Perfil de GPT-OSS-120B: colapso en cascada por pérdida de contexto
Density: ~5.3 failure modes per failed trace.
Critical patterns: FM-1.4 Loss of Conversation History (24% of traces), and FM-2.6 Reasoning-Action Mismatch (94%).
Diagnosis: small early reasoning discrepancies poison the task history and cause total drift.
Engineering recommendation: aggressive context hygiene, early error detection, and mechanisms that rebuild or reinforce state before the agent proceeds.

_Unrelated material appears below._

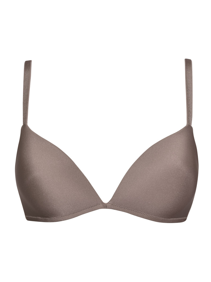 Reggiseno a triangolo con coppe imbottite e senza ferretto realizzato in morbida microfibra satin per uno stile basic e allo stesso tempo luxury. L'imbottitura valorizza il seno garantendo allo stesso tempo il comfort di un liscio ultra-light e invisible. Texture e design privi di imperfezioni, contemporanei e puri.
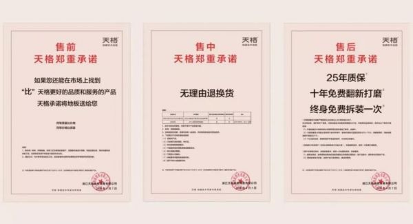 然而,地板企业也需深刻意识到:承诺不是无足轻重的营销工具,而是切切实实具有法律效力的消费权益。以天格地板为例,其之所以可以做出“五大承诺”并践行至今,背后是基于面面俱到、表里如一的产品以及“安装服务站”模式等硬实力,基于对自身产品品质与服务能力的高度自信。同样,对于刚刚推出用户承诺的大自然地板,消费者也期待企业能让承诺真正落地。

Lecciones generales y acciones concretas
Don't let the LLM be the arbiter of its own success: externalize verification with tool-backed checks.
Control termination outside the model: add explicit stop conditions, loop detectors, or state machines.
Treat ambiguity as an explicit branch in policy: force 'clarify-or-read-only' when input is unclear. Avoid letting the agent guess.
Auxiliary agents help: a Summarizer Agent or a State Manager that updates context can fix FM-1.4 and substantially boost performance.
Distinguish benign failures from fatal ones: not every repetition or weak verification kills the task. Memory loss, premature termination, or failure to clarify tend to be fatal.
Cómo esto cambia tu evaluación de agentes
If you build agents for business workflows, you want more than a success number. You need a failure map that tells you where to apply engineering for the best return. MAST applied to ITBench does exactly that: it turns traces into prioritized fixes.
Recomendaciones rápidas para equipos de producto e ingeniería
For frontier models (e.g. Gemini): implement external verification gates before marking success.
For mid-tier models (e.g. Kimi-K2): use a state machine and loop detectors; shorten redundant reasoning chains.
For large open models (e.g. GPT-OSS-120B): invest in context management and periodic checkpoints to prevent progressive forgetting.
MAST-Data (1600+ traces): available on Hugging Face and associated repos
The practical conclusion is simple: measuring is useful, diagnosing is indispensable. If you want agents that work in production, don't optimize only for success rate; prioritize tools that tell you why and how to fix failures.